You have a unique method of creating a live sound — how did it develop?

A few years ago I was playing in a band, all the guys I was playing with were great musicians and friends, but also in other projects. I was ready to tour and not have a day job and live and die by my music, while their mindset was to stay in L.A. and find a record deal which is a waste of time. I started doing solo shows. At first it was just me and my guitar, then one by one I started adding things that filled out the sound so I wouldn’t be just another guy with a guitar. It worked out well because I started getting a much more enthusiastic response from people than I did even with a full band. Over the course of the last 2 years of tour it just evolved itself into what it is now, I guess it was just born out of my need to do more than strum a guitar.

What prompted you to explore music writing?

It’s hard to explain, but I don’t think anything prompted me, I’ve always just known that playing music was the one thing I would do, I guess in a sense I was always a writer, it was just taking the time to develop that, which I have to add is a never-ending process.

Why did you decide to perform solo, as opposed to performing with a group?

It kind of goes back to the first question of just having a better time of it solo. I think it was my drive to do more than just play clubs in one small area, it’s hard for me to be musically on the same page as anyone, so rather than having the headache of trying to get along I just decided I’d just put it all on myself, which though it’s more of a challenge and not as safe, it is more rewarding.

What inspires you?

It may sound corny to say, but real life. All my songs are autobiographical, I think that’s where I find the most inspiration for my words. I also feel inspired by a ton of other artists, a lot of the time I’ll be listening to someone else that I look up to and I’ll get an idea for a song, it’s always totally unrelated to the song I’m listening to, but for some reason good music opens up a door inside my mind.

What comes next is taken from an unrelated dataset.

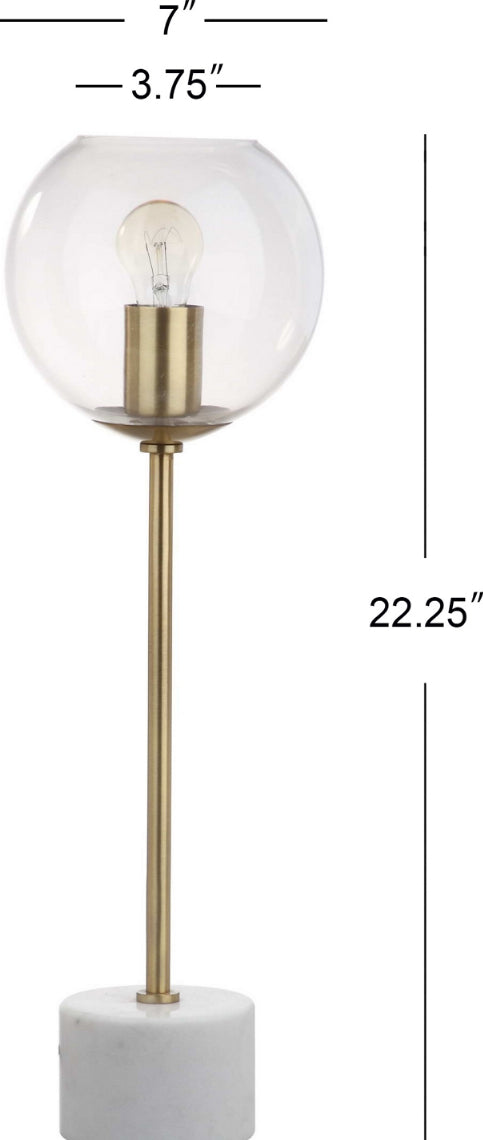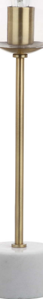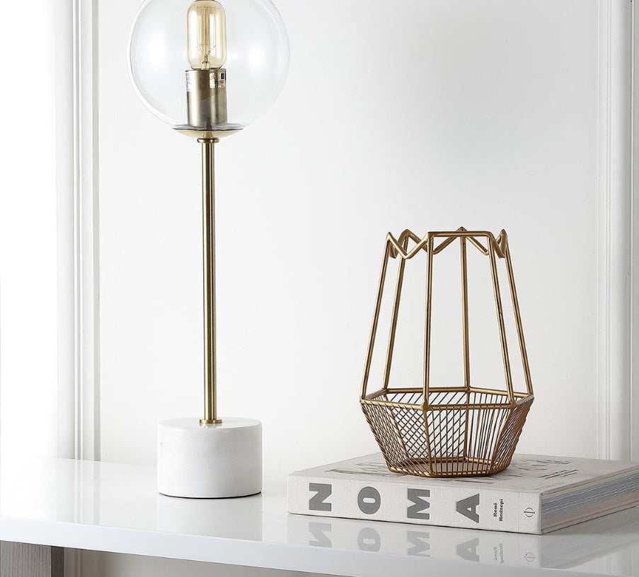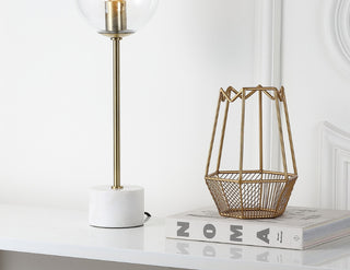 A blend of luxe materials and modern style, this contemporary table lamp refreshes any living room. Its deluxe metal design features a brass and gold finish that shimmers in the glow of its vintage style globe. Designers love its white marble plinth.

This sounds funny to say, but there have been some funny instances where drugs helped too, which I should explain….as you can imagine sitting in a car for hours at a time on the road, I’ve developed a bit of a chronic pain in my back. As it turns out the meds they prescribe for that kind of pain kind of tweak your mind when you’re on them. For some funny reason 2 or 3 of the songs on the new record were written while under the influence of such drugs. I can’t say I encourage anyone to take drugs in order to write, but I do tend to take advantage of whatever state of mind I’m in in all other instances, so why wouldn’t I take advantage of this?

What do you value most about the live setting?

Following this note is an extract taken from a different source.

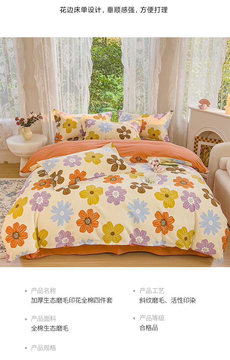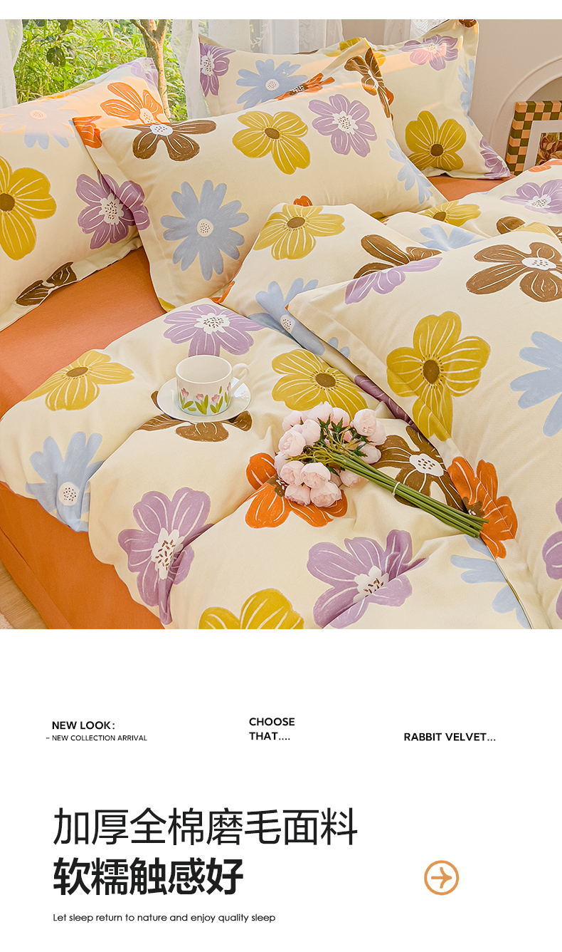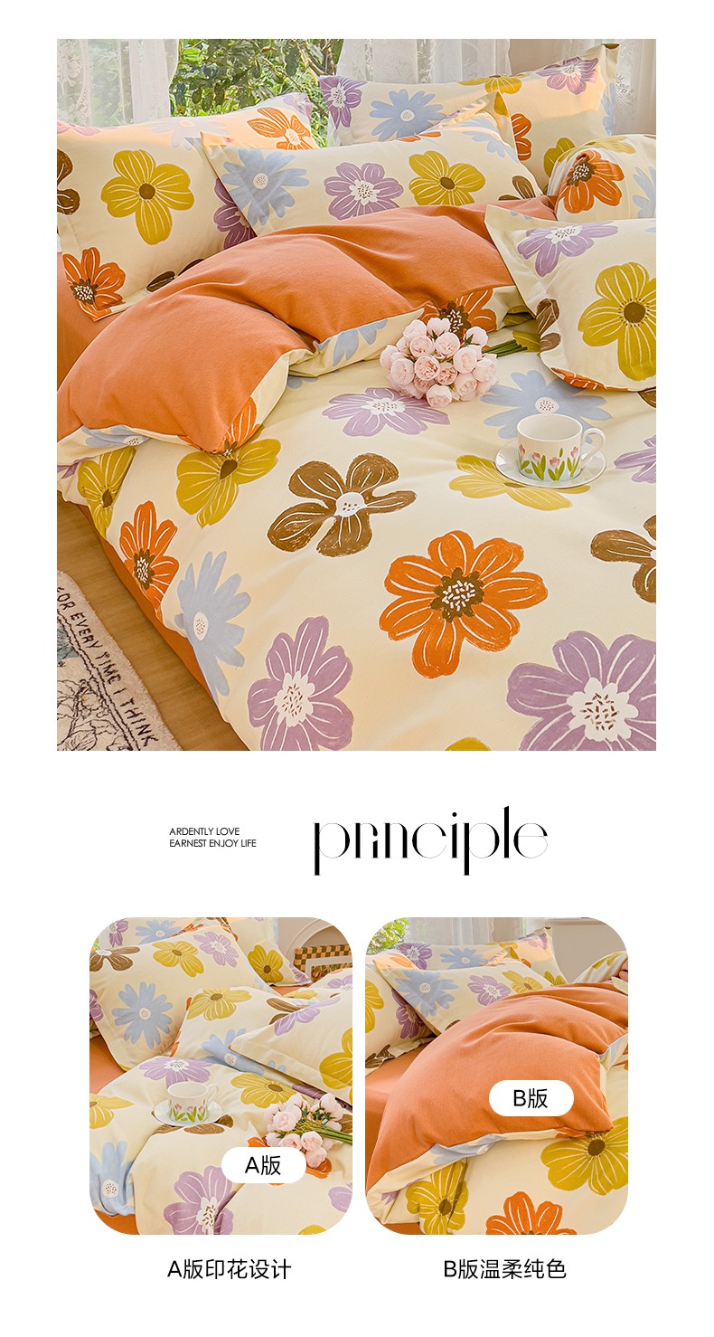 当前位置: 91家纺网 > 商品网购 > 床品套件 > 四件套 > 全棉普通四件套 > 伊而梦 2023新款小清新全棉磨毛印花四件套系列 晚秋

I love the risk involved. Because I play solo I can be as spontaneous as I want. Sometimes I’ll have some ridiculous idea half way through a song, and there’s nothing to stop me from giving it a try, it’s funny, it’s either a huge success, or huge mistake, but that keeps it interesting, I don’t mind making mistakes live, it always makes for good stage banter.

What did you try to accomplish with your new album, Looking Back From Space?

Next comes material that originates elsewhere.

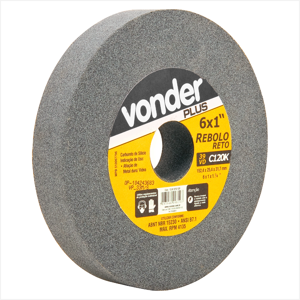 1x Rebolo reto 6" x 1" 39 CVD grão 120 verde - Vonder Plus (1261610120)

With this record I think my main goal was just to be happy with the final outcome, to really truly make the record I intended to make. My first record was just a way for me to have my songs captured, though I’m still proud of it. It turned out that as I grew as a live performer my shows ended up being more produced than my record, which was funny because I was afraid when i was making that record I wouldn’t be able to ‘play it live’. This time around I didn’t give myself any kind of limitations, I just filled out the songs however I wanted, knowing full well they’ll have their own sound and evolution as I play them live.

What have you learned from recording the album?

I think I’ve learned about myself as a songwriter, I always have this underlying fear of writers block. Every time I write a new song, I think, “man, that’s it, I won’t write anything else worthwhile”. With this batch of songs I feel like I’ve proven myself wrong, and I’ve learned to have a little more confidence in my writing.